[MRCA] GE Portamobil

Ray Fantini RAFANTINI at salisbury.edu
Mon Feb 25 16:44:19 EST 2019


It’s a six channel solid state radio with the Broadcast receiver included. Figure I would drag it out to Dayton and sell it for $20 for someone who wanted a mobile radio for 160 AM, don’t know if it would go up to 80 or not. If anyone is interested I can put up a picture. Has the mounting bracket that I figure would be way more rear then the radio. Wonder what they used for an antenna being back of set is isolated signal wire feed so the radio must have an internal loading coil but going to assume that they went to some form of whip antenna. Also recall that radios for HF had to have ground plates on the bottom of the hull.
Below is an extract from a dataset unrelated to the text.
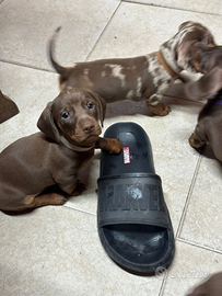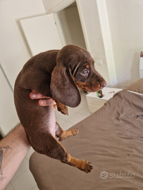 Disponibili spettacolari cuccioli di bassotto kaninchen cioccolato di 3 mesi sia maschi che femmine natu e cresciuti in casa abituati alla traversina ed al contatto con le persone verranno consegnati con primo vaccino e ciclo completo di sverminazione per qualsiasi informazione non esitate a contattare

Would speculate that some high voltage was developed along the antenna line and on the antenna.

Ray F/KA3EKH

-----Original Message-----
From: mrca-bounces at mailman.qth.net [mailto:mrca-bounces at mailman.qth.net] On Behalf Of Mike Morrow
Sent: Monday, February 25, 2019 3:06 PM
To: MRCA at mailman.qth.net
Subject: Re: [MRCA] GE Portamobil

Ray wrote:

> ...an old General Electric Porta Mobile VHF transceiver with the 
> battery pack and microphone. ... It’s currently on 143.9/148.10 ...

That's the old obsolete standard Civil Air Patrol repeater frequency pair.  Pairs like 148.125/143.550 seem to be commonly used now.  After 9/11/01, CAP and MARS frequencies started being treated like Top Secret SIOP-ESI information due (I guess) to the very vital highly-classified traffic carried on their networks, not to mention the self-importance that guarding FOUO information gives to the privileged possessor! :-)  When I was in MARS and CAP in the 1960s and 1970s, we'd pass out mimeographed sheets with net times and frequencies to encourage listening and to recruit members...even when it was popular entertainment for some left-coast types to interfere with phone patch traffic for Vietnam-theater servicemen.

That Marine Band AM set sounds interesting.  I've collected several of that type since they started showing up at hamfests 45 years ago.  I like the sets that have an AM broadcast band receiver built in.